WHAT THE EXERCISE ASKS: Once you find the line below that has "In true minimalistic", output it and every line after it exactly, stopping after the line that has "W3Schools是个非常出", with no pictures.
** INPUT follows **
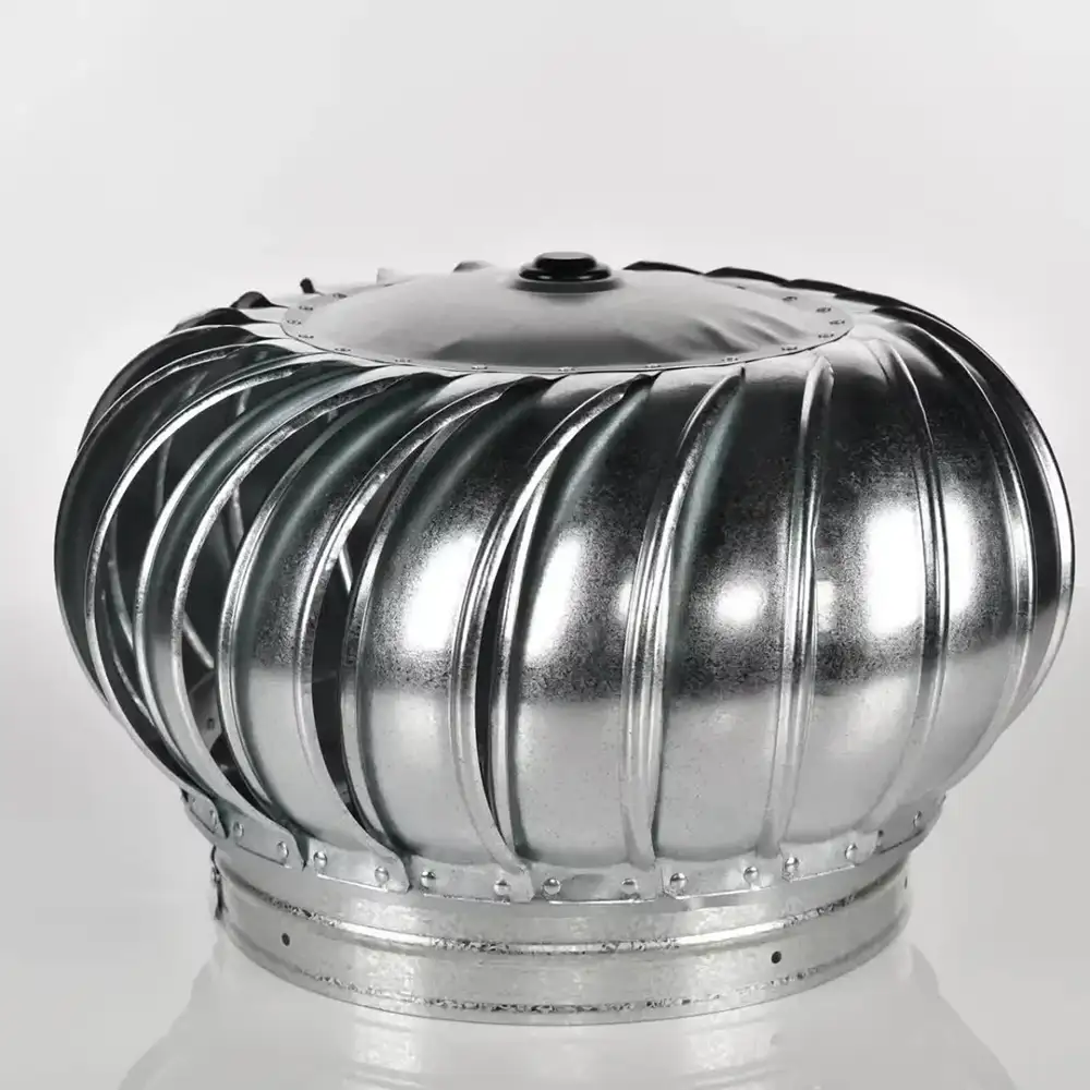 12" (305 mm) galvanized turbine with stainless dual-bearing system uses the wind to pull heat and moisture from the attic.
** End of INPUT **
** INPUT follows **
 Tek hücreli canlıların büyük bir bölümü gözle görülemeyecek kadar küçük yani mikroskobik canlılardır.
** End of INPUT **
** INPUT follows **
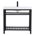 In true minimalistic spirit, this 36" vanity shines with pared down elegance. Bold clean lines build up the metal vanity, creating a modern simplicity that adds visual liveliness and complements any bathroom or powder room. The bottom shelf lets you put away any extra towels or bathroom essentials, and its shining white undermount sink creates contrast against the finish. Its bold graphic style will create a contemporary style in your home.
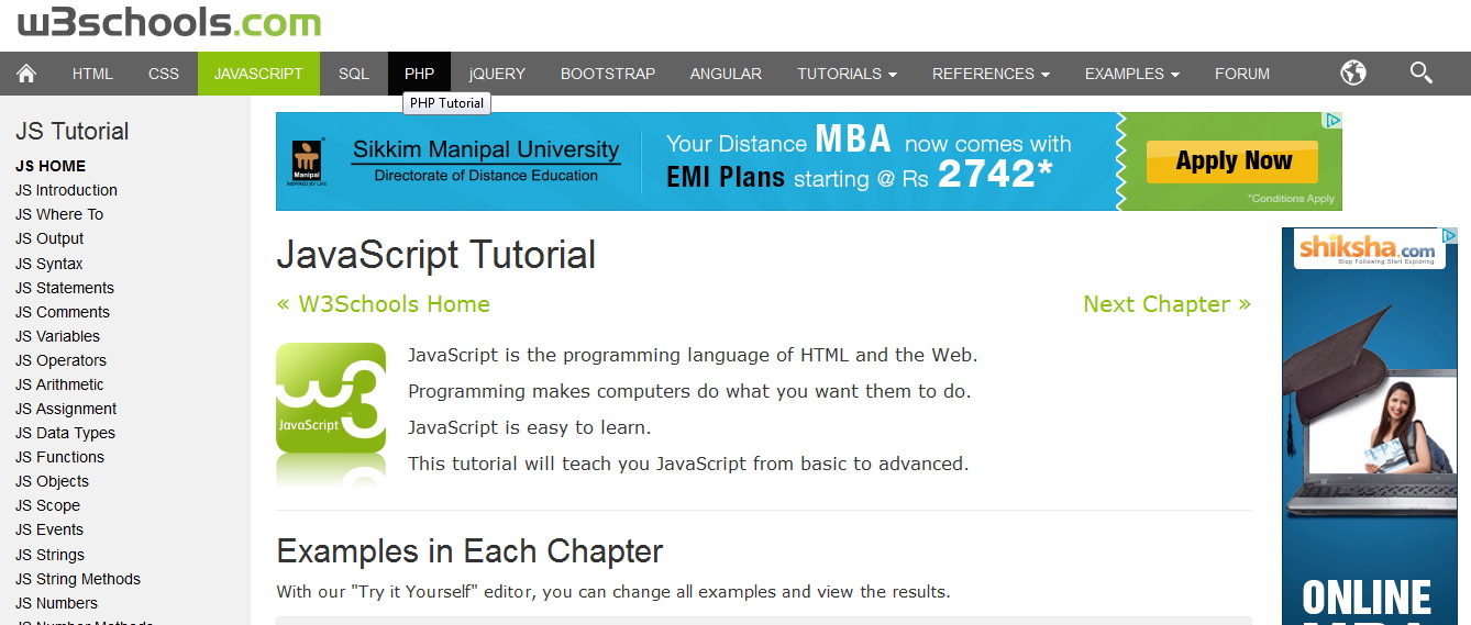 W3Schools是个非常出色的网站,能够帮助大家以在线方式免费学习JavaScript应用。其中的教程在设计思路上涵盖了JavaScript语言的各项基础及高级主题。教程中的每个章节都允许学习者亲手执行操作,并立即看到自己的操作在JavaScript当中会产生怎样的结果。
** End of INPUT **
RESPONSE AREA:
 In true minimalistic spirit, this 36" vanity shines with pared down elegance. Bold clean lines build up the metal vanity, creating a modern simplicity that adds visual liveliness and complements any bathroom or powder room. The bottom shelf lets you put away any extra towels or bathroom essentials, and its shining white undermount sink creates contrast against the finish. Its bold graphic style will create a contemporary style in your home.
 W3Schools是个非常出色的网站,能够帮助大家以在线方式免费学习JavaScript应用。其中的教程在设计思路上涵盖了JavaScript语言的各项基础及高级主题。教程中的每个章节都允许学习者亲手执行操作,并立即看到自己的操作在JavaScript当中会产生怎样的结果。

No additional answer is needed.